The value of jmax is decreased by 1 since this represents the start of the imax+1 row. The value for the last row works out correctly since we defined the N+1 element of I-INDEX to equal one plus the total number of non-zero elements in the sparse matrix. At this point the matrix is completely stored in a set of distributed vectors representing a CSR storage format. An additional distributed integer vector representing the bit mask for this matrix has also been created.

Having created a distributed sparse matrix in CSR format, the next step is to construct a sparse matrix-dense vector multiply. This operation is outlined schematically in Figure 7. The original sparse matrix-dense vector multiply is shown in Figure 7 (a). The first step, shown in Figure 7 (b) is to express the dense vector as a sparse matrix with the same pattern of non-zero entries as the sparse matrix. Each row in this new matrix represents a copy of the original vector, except that only the values corresponding to the non-zero values of the original matrix are retained. The third step is to multiply the two matrices together element-wise to get a new sparse matrix with the same pattern of non-zero entries as the original sparse matrix. This is shown in Figure 7 (c). The final step, shown in Figure 7 (d), is to sum across the rows in the product matrix to get the values of the product vector.

(a) (a)
(b) (b)
(c) (c)
(d) (d)

Figure 7: Schematic representation of a numerical sparse matrix-dense vector multiply.

The use of Global Array operations in implementing this operation is described in more detail below. The original dense vector and final product vector are assumed to be located in distributed 1D Global Arrays with handles g_b and g_c, respectively. The first step in performing the multiply operation is to create a 1D Global Array that is the same size as the original compressed matrix VALUES array and has the same distribution across processors. Denoting the handle of this array as g_tmp, it can be filled with the following sequence of operations

call nga_distribution(g_j_index, me, lo, hi)
call nga_access(g_j_index, lo, hi, idx, ld)
call nga_access(g_tmp, lo, hi, id_tmp, ld)
ld = hi - lo + 1
call nga_gather(g_b, dbl_mb(id_tmp),int_mb(idx),ld)
call nga_release(g_j_index, lo, hi)
call nga_release(g_tmp,lo,hi)

The first three lines find the location in memory of the local portions of the J-VALUES vector and the g_tmp array. These should both correspond to the same values of lo and hi. The nga_gather operation then copies the values of g_b in the locations pointed to by the j values represented by the index idx into the corresponding locations of the local portion of g_tmp. The remaining lines release access to the local data. Although this operation can be expressed in only a few lines of code, it is quite complicated in terms of how it manipulates data and may be worth spending some additional time to understand how it works.

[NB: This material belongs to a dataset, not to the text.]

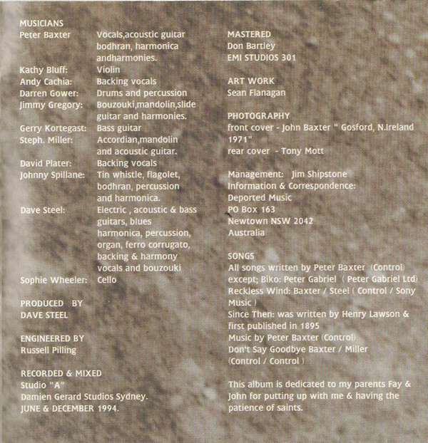 - Vocals, Acoustic Guitar, Bodhrán, Harmonica, Harmony Vocals – Peter Baxter (5)
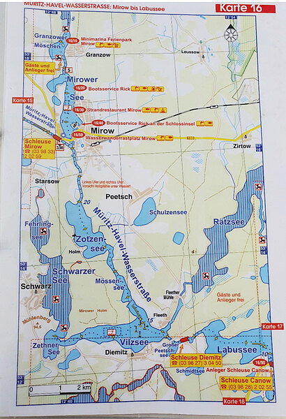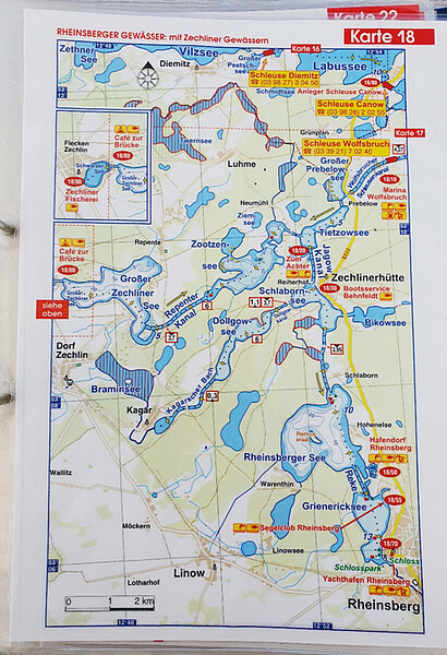 Unser „Revier“ ist auf den Karten ersichtlich. Nur der Pälitz See ist nicht drauf, der ist östlich der Schleusen Canow und Wolfsbruch.

The element-wise multiplication of the g_tmp and g_values arrays can be trivially implemented with a single call to ga_elem_multiply(g_tmp, g_values,g_tmp). Similarly, the sum across rows in the g_tmp array can be accomplished by calling ga_scan_add(g_tmp, g_values, g_mask, one, ntot, 0), where ntot is the total number of non-zero elements. At this point the values of the product vector are located at the elements just before the locations indicated by the g_mask array. To get these values back into an ordinary compressed vector, the g_mask vector is shifted to the left by one place, using the following code fragment

call nga_distribution (g_mask, me, lo, hi)
call nga_access(g_mask, lo, hi, idx, ld)
ld = hi-lo
isav = int_mb(idx)
do i = 1, ld
    int_mb(idx + i - 1) = int_mb(idx + i)
end do
if (lo.eq.1) then
    ldx = isize
else
    idx = lo-1
endif
call nga_release(g_mask, lo, hi)
call ga_sync
call nga_put(g_mask, idx, idx, isav, ld)
call g_sync

The results in g_tmp can now be packed into the final results vector g_c using a single call to ga_pack(t_tmp, g_c, g_mask, one, ntot, icnt).